Select the NMAS Client, then click OK. (Requires NICI 2.4.1 Client)
Accept the agreement.
From the Select NMAS Clent Login panel, select Universal SmartCard and then click Next.
From the Select NMAS Post-Login Methods panel, do not select any method, click Next.
The wizard completes the NMAS upgrade and method selection. The SmartCard client module can be configured during setup to initiate a user login automatically with the insertion of the SmartCard in the reader, or to follow a manual login with the user presenting the SmartCard when prompted in the sequence.
At the PKCS#11 Library Selection panel, select the SmartCard vendor you are using from the list, or select User Specified. Then click Next.
(If you select User Specified you will need to provide the name of the vendor provided PKCS#11 library .DLL file.)
(Optionl) On the Select Options panel, you can choose to use the card reader to obtain the username of the SmartCard holder. NMAS restrictions allow only one method to automatically obtain the username at the workstation being configured.
If you select the option, the ID-snap-in will be configured to allow the SmartCard to provide both Identity and Authentication to the network for the user. To select, check the option and click Next. Otherwise, proceed to step 8.
Fill in the information if you want to specify which tree, server, and sequence are used for authentication. Otherwise, click Next
If the sequence field is left blank on the previous screen, the Sequence Options panel appears. In this case, select Use the Users Default Sequence if you have previously defined a sequence for your users. Otherwise, select the sequence last used on that workstation option, then click Next.

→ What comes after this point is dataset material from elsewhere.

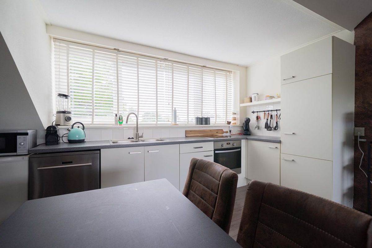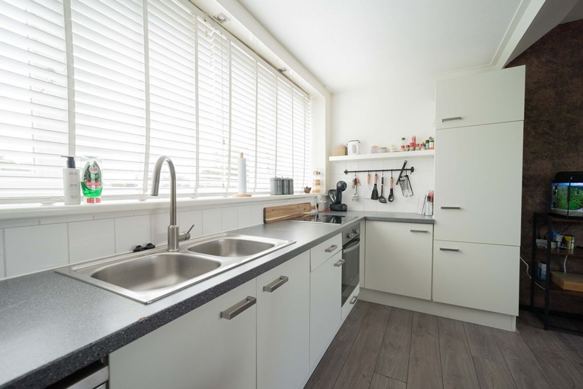 Bij binnenkomst valt direct de prettige lichtinval op, dankzij de grote raampartijen in de woonkamer. De open keuken sluit mooi aan bij het zitgedeelte, wat zorgt voor een fijne, open sfeer. De gehele ruimte is afgewerkt met een nette laminaatvloer, wat bijdraagt aan het verzorgde karakter van het appartement. De twee slaapkamers zijn praktisch ingedeeld en bieden volop mogelijkheden, bijvoorbeeld als slaap-, werk- of hobbykamer.

On the LDAP Servers panel, specify the name or IP Address of the LDAP server and any alternates, then click Next, > Next.
Complete the wizard to finish the installation.
(Conditional) If you have Secure Workstation installed, you will be required to restart the Secure Workstation service.
To initialize a SmartCard for use with this method, the SmartCard must have at least one private key and a user certificate corresponding to that private key. The private key must be enabled for signature generation. This is done preferably by using the vendor-supplied utility, or it can be done with the Novell supplied initsc.exe utility to upload the contents of a PKCS#12 (PFX) file into the Smart Card.
For example, if the name of the PFX file is MyKeys.pfx, its password is "Novell", and the SmartCard's PIN is 1234, then execute: initsc -p 1234 -s Novell -f MyKeys.pfx -m pk2priv.dllNote that "-m pk2priv.dll" is the name of the PKCS#11 provider library for GemSAFE. Other providers might have different names. In this example, it is a GemSAFE SmartCard and PKCS#11 provider. This utility does not accept Unicode* passwords and PINs, and it is tested with the GemSAFE SmartCard and library. The use of this library with other vendors might or might not work. Use it at your own risk.